Stored data Start Marker

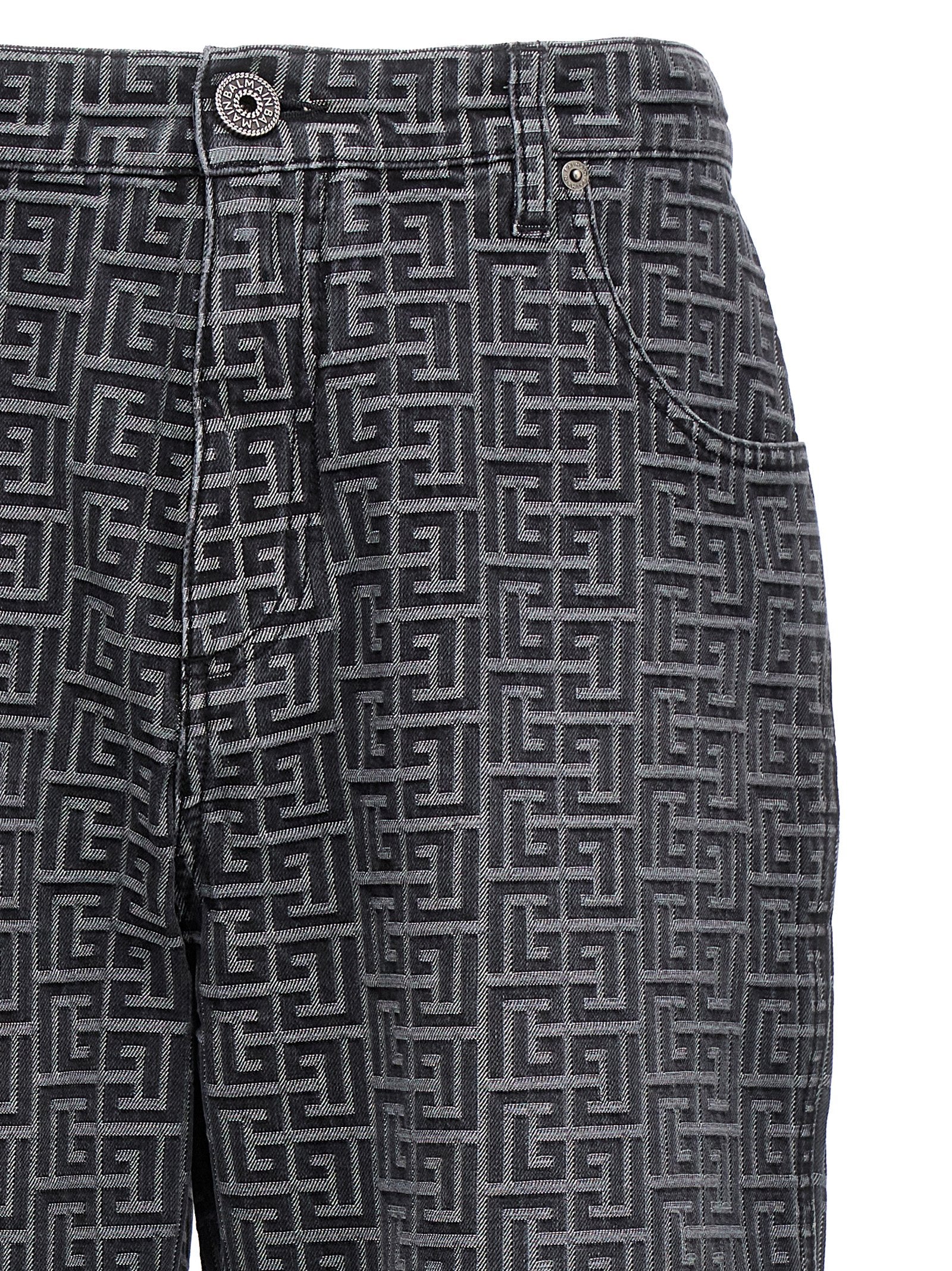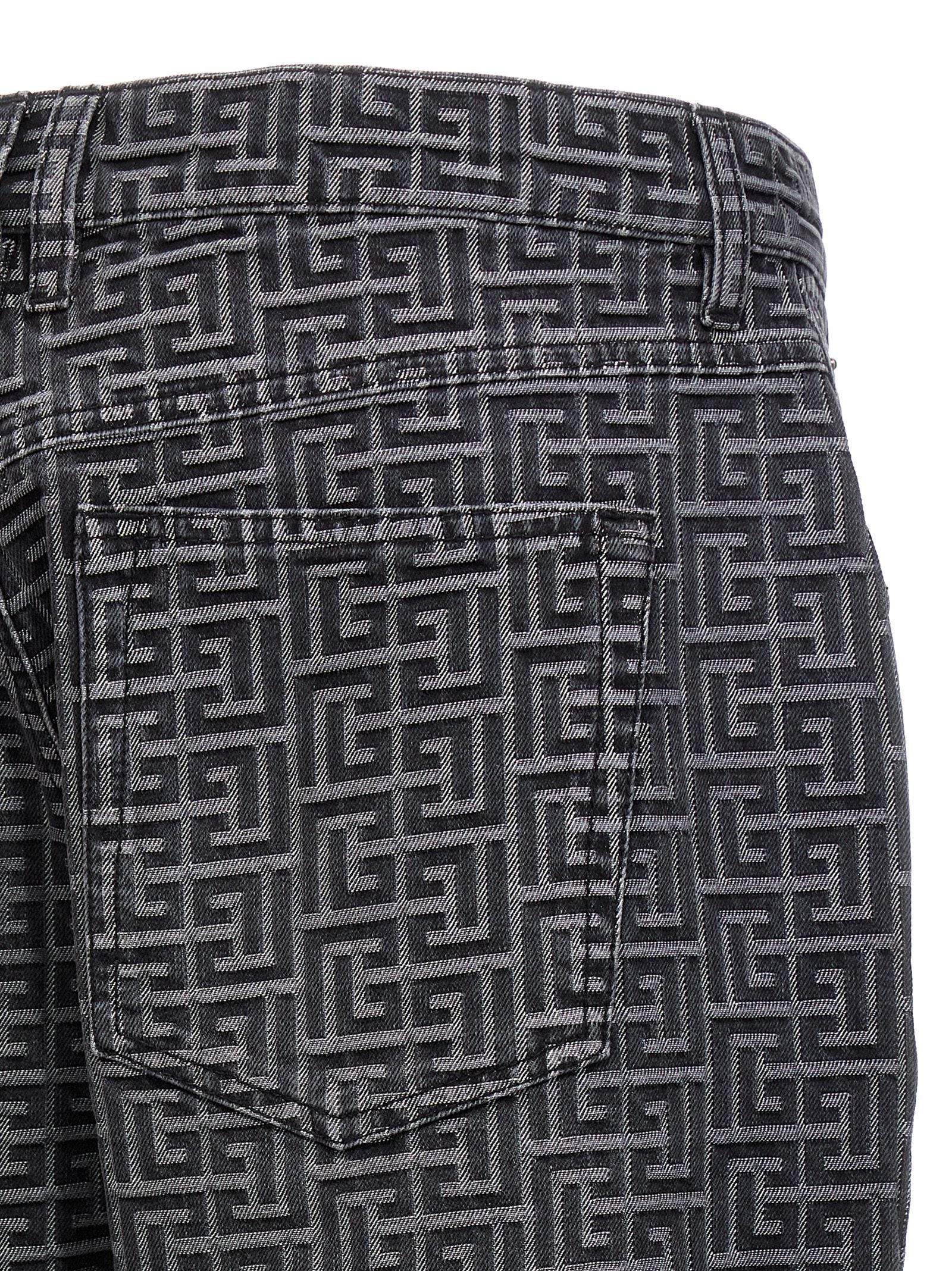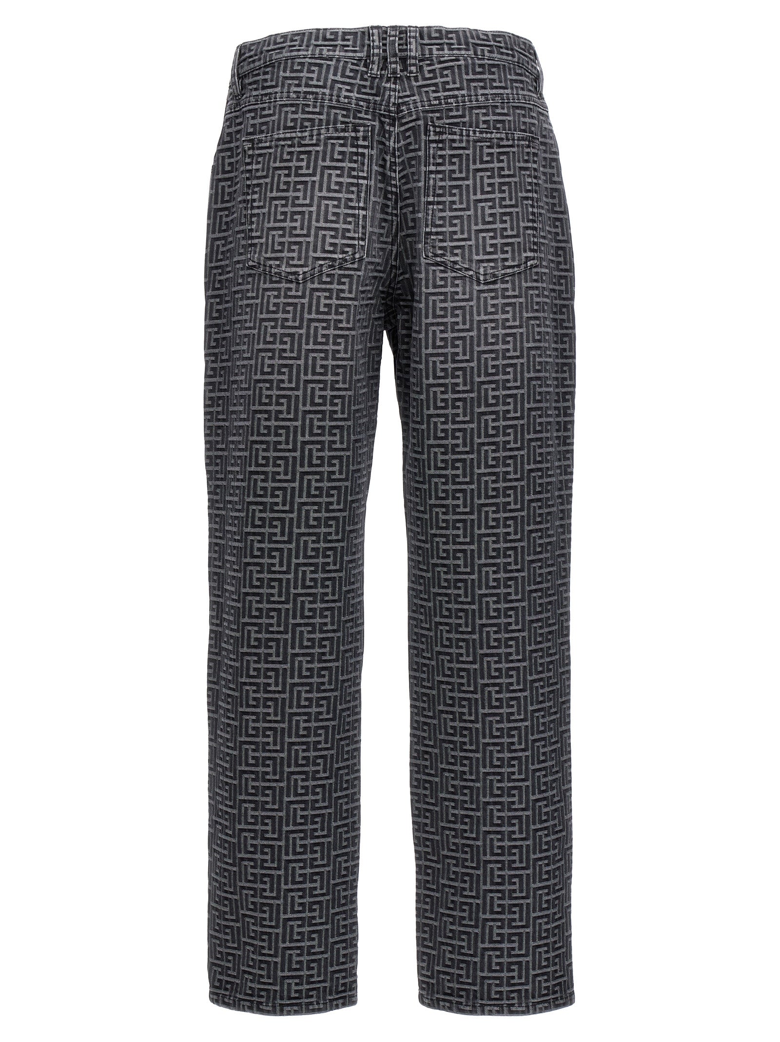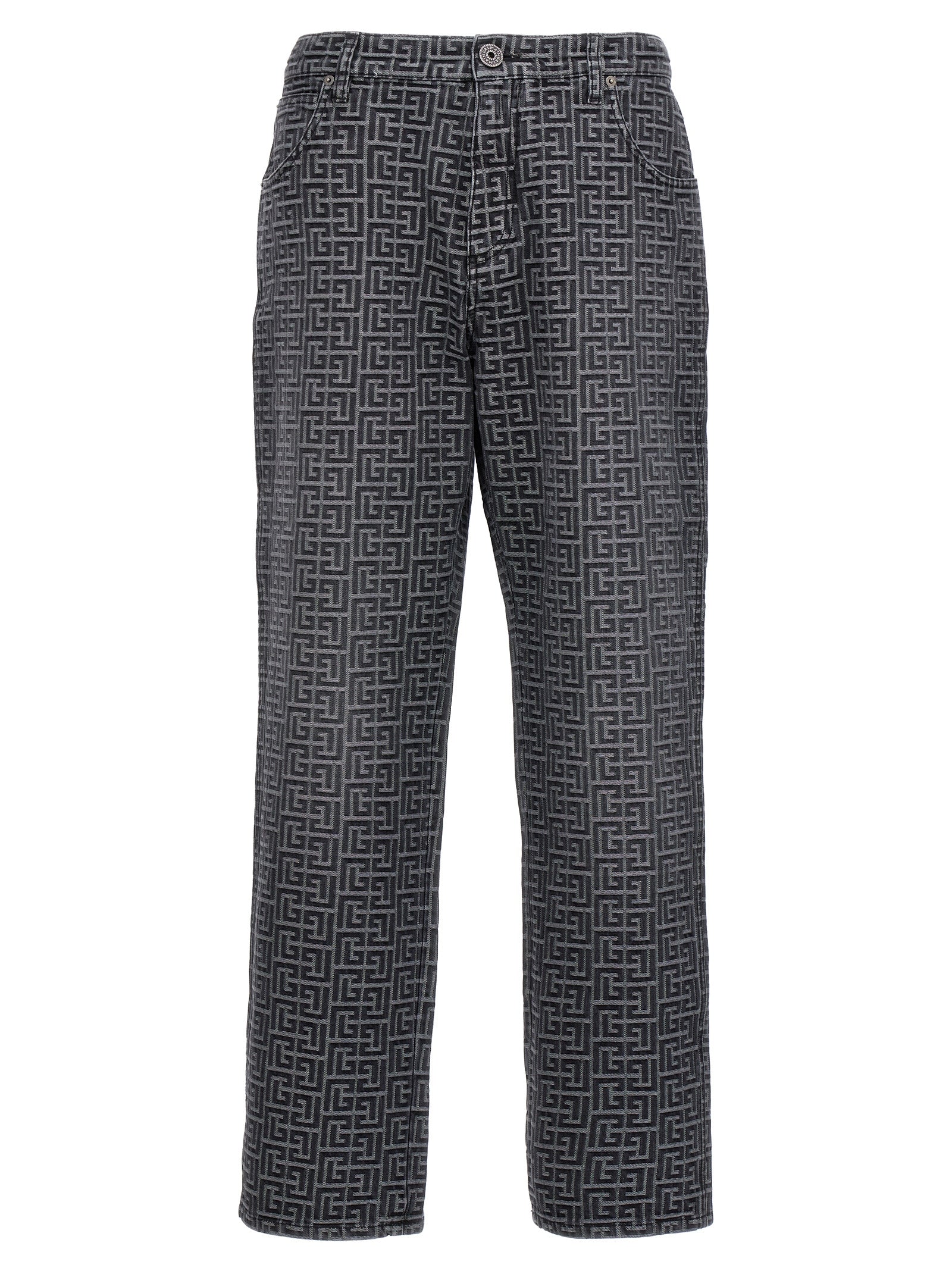 Cotton denim jeans with all-over logo pattern, zip and button closure and five pockets.
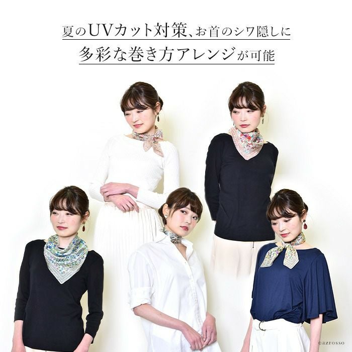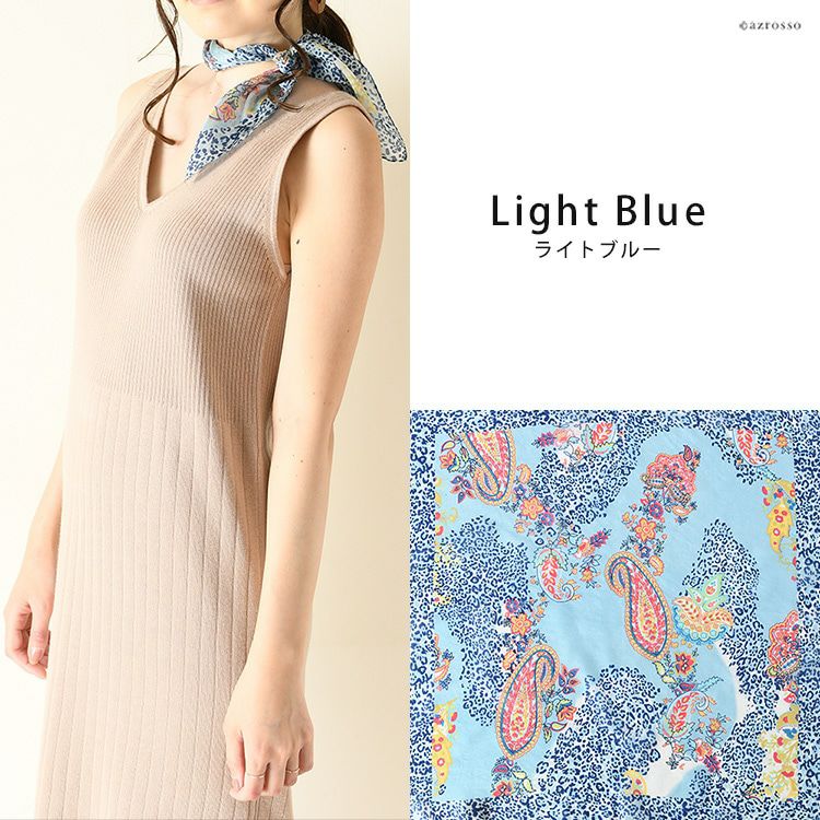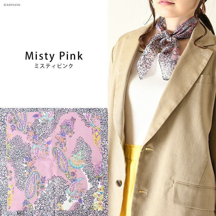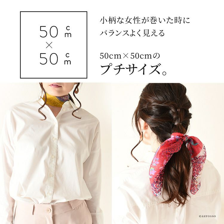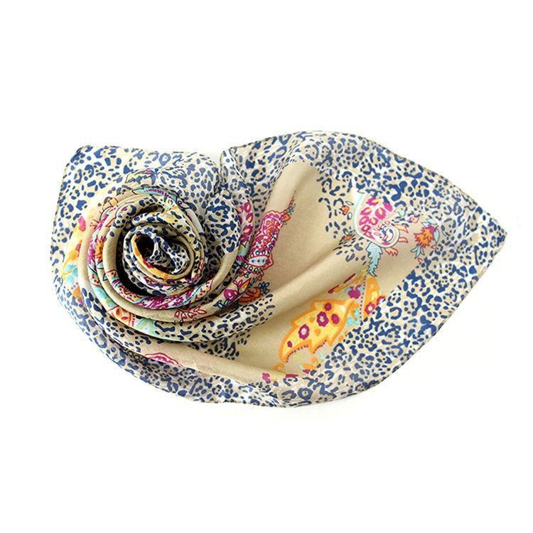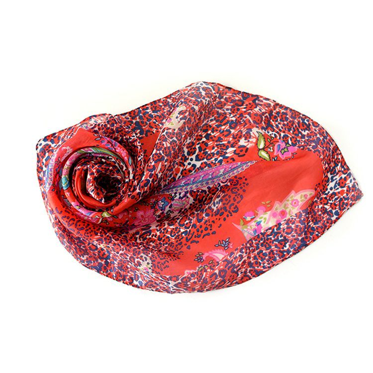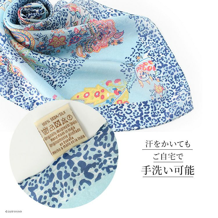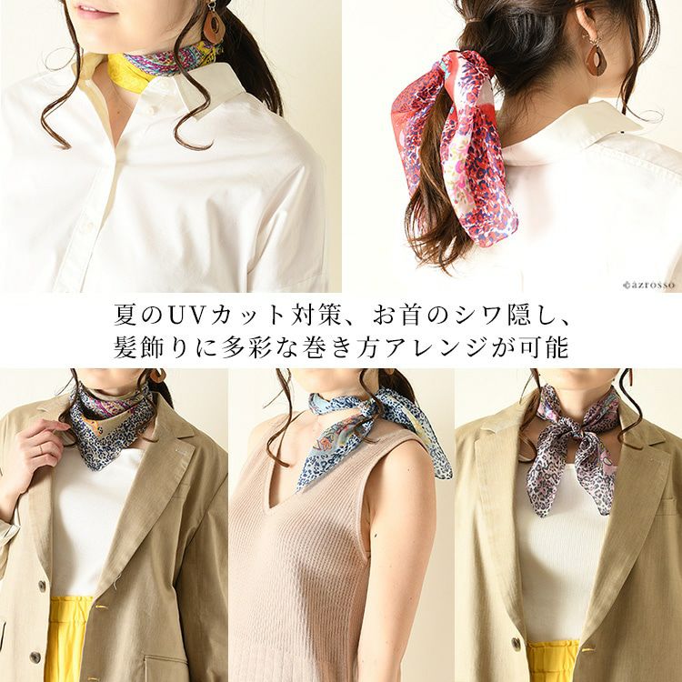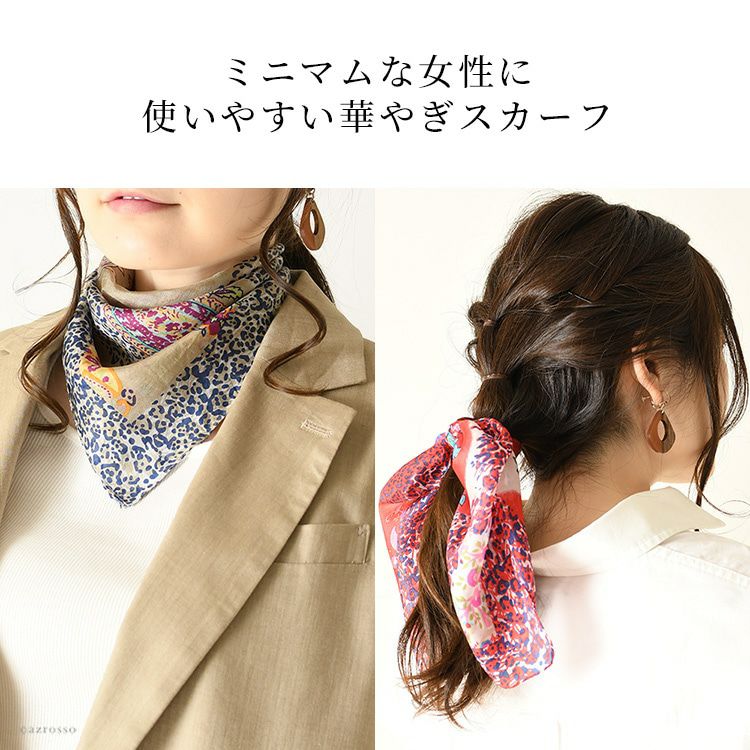 伝統のシルクスクリーン(手捺染)で染めた日本女性の為のミニスカーフ。ヘアアクセとしても使いやすい小さいサイズ。母の日プレゼントや誕生日ギフトにおすすめ 50×50|ミニスカーフ シルク100% 薄手 スカーフ 小さめ プチスカーフ カラーズデオトノ COLORS DE OTONO レディース ヒョウ柄 ペイズリー柄
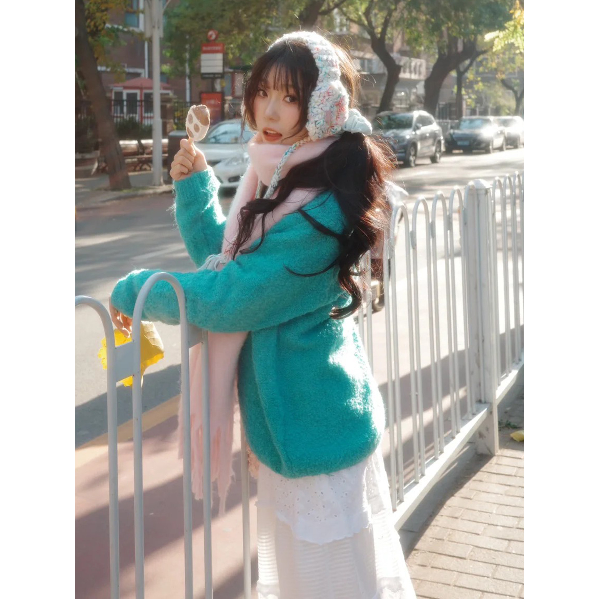 日系小清新湖水绿色圆领毛衣外套女冬软糯奶fufu学生长袖针织开衫

Stored data End Marker

◆ Work instruction: In copying the listing, reproduce each line exactly and omit the pictures.

◆ Response to this exercise:
 Cotton denim jeans with all-over logo pattern, zip and button closure and five pockets.
 伝統のシルクスクリーン(手捺染)で染めた日本女性の為のミニスカーフ。ヘアアクセとしても使いやすい小さいサイズ。母の日プレゼントや誕生日ギフトにおすすめ 50×50|ミニスカーフ シルク100% 薄手 スカーフ 小さめ プチスカーフ カラーズデオトノ COLORS DE OTONO レディース ヒョウ柄 ペイズリー柄
 日系小清新湖水绿色圆领毛衣外套女冬软糯奶fufu学生长袖针织开衫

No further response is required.